Motivation: Genome-wide association studies (GWASs) are commonly applied on human genomic data to understand the causal gene combinations statistically connected to certain diseases. Patients involved in these GWASs could be re-identified when the studies release statistical information on a large number of single-nucleotide polymorphisms. Subsequent work, however, found that such privacy attacks are theoretically possible but unsuccessful and unconvincing in real settings.
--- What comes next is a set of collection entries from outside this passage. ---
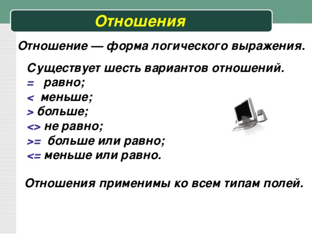 больше; не равно; = больше или равно; меньше или равно. Отношения применимы ко всем типам полей. " width="640"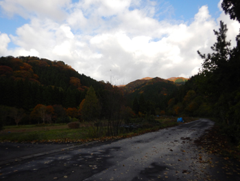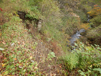 - 林道の崩壊個所は春からそのままです。こちら側では車の走行は無理です。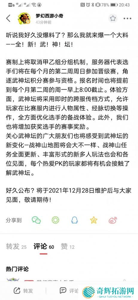2021年最后一个月,梦幻西游电脑版执行主策划小奇对外爆料称,游戏巅峰赛事武神坛将迎来重大改动,不仅赛制上将取消甲乙组分组机制,还将采用即时的跨服传档方式,允许玩家在比赛服内进行人物属性、经脉切换等操作,全方面优化选手的备战体验。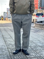 またフロントに2タックが入っていて太もも周りがワイドになっていて、そこから少しずつ細くなっていくワイドテーパードの形で、前からも横からも美しいシルエットになっております。

Results: We derive the first practical privacy attack that can successfully identify specific individuals from limited published associations from the Wellcome Trust Case Control Consortium (WTCCC) dataset. For GWAS results computed over 25 randomly selected loci, our algorithm always pinpoints at least one patient from the WTCCC dataset. Moreover, the number of re-identified patients grows rapidly with the number of published genotypes. Finally, we discuss prevention methods to disable the attack, thus providing a solution for enhancing patient privacy.
Availability and implementation: Proofs of the theorems and additional experimental results are available in the support online documents. The attack algorithm codes are publicly available at https://sites.google.com/site/zhangzhenjie/GWAS_attack.zip. The genomic dataset used in the experiments is available at http://www.wtccc.org.uk/ on request.
Contact: winslett@illinois.edu or zhenjie@adsc.com.sg
Supplementary information: Supplementary data are available from Bioinformatics online.